- _EXERCISE_: Copy nothing but the lines from the one containing "而今年6月份,梁敏婷在社交软" through the last line of the records, repeated exactly and without pictures.

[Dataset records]

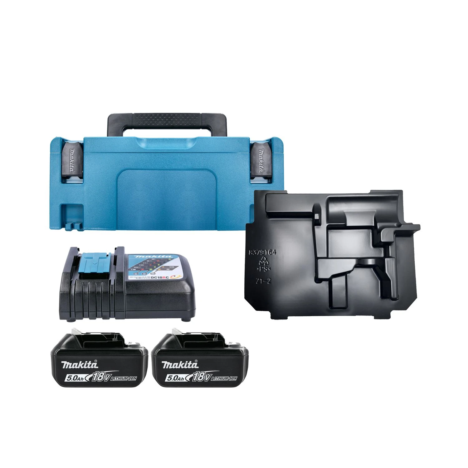 Makita Genuine BL1850 18V Li-Ion LXT 5.0Ah Battery Twin Pack With Charger, Type 2 Case & Inlay
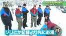 しかし龍友の記録地点を超えると倒れ込み、そりに仰向けになってカムバック。そり上の、無防備な哀れな涼太の姿に、ゲレンデの下にいるメンバーからは笑いが起きる。戻ってきた涼太は「自分との勝負だよ」と涼しげに発言、記録は56.6メートルだった。
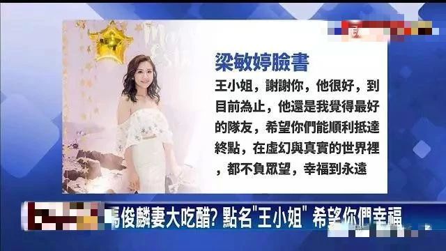 而今年6月份,梁敏婷在社交软件上接连发表一些关于感情生活很伤感的言论,其中一条内容直接点名“王小姐”,称自己才是马俊麟的“最佳队友”,希望“王小姐”能幸福到永远。
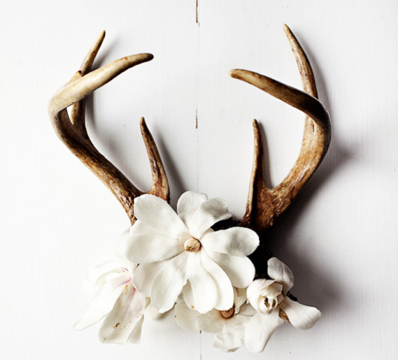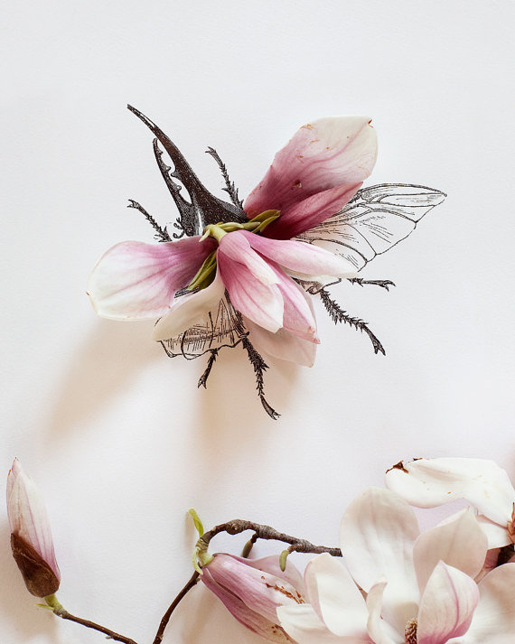 Artist Kari Herer creates weird and beautiful prints that mix both materials and species in a minimalist mash-up that I adore. Flora and fauna come together in her photography. Using live blossoms and her static sketches, Herer makes bugs out of magnolia petals, foxes out of lush, overripe roses. Some of her pieces look like a Flemish still life—vivid and colorful, bursting with excess. However, others are almost self-consciously O’Keeffe-ian, like the antlered bouquet below.
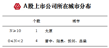 上市公司数量的多少是反映一个城市经济活力的重要指针。 太原城市群A股上市公司数量相对较少,主要集中在太原市。
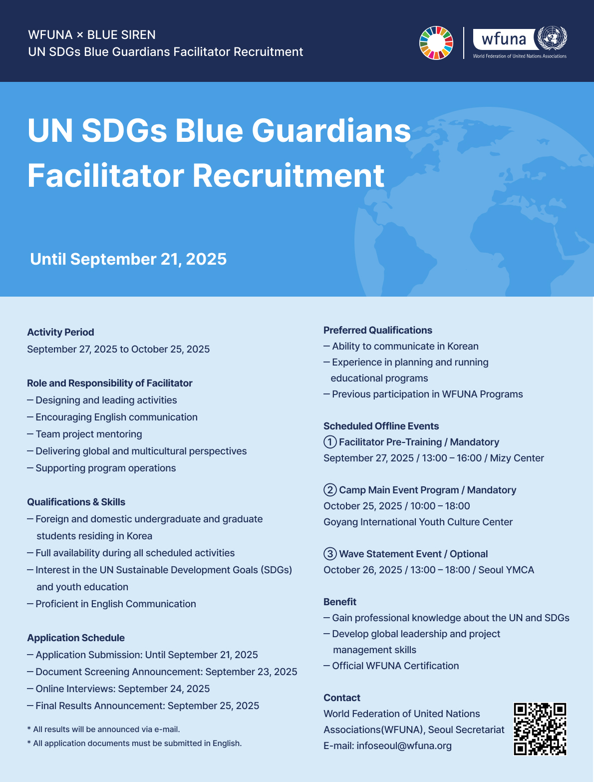 [WFUNA x Blue Siren] 2025 UN SDGs Blue Guardians Facilitator Recruitment

- _RESPONSE TO THE EXERCISE_:
 而今年6月份,梁敏婷在社交软件上接连发表一些关于感情生活很伤感的言论,其中一条内容直接点名“王小姐”,称自己才是马俊麟的“最佳队友”,希望“王小姐”能幸福到永远。
 Artist Kari Herer creates weird and beautiful prints that mix both materials and species in a minimalist mash-up that I adore. Flora and fauna come together in her photography. Using live blossoms and her static sketches, Herer makes bugs out of magnolia petals, foxes out of lush, overripe roses. Some of her pieces look like a Flemish still life—vivid and colorful, bursting with excess. However, others are almost self-consciously O’Keeffe-ian, like the antlered bouquet below.
 上市公司数量的多少是反映一个城市经济活力的重要指针。 太原城市群A股上市公司数量相对较少,主要集中在太原市。
 [WFUNA x Blue Siren] 2025 UN SDGs Blue Guardians Facilitator Recruitment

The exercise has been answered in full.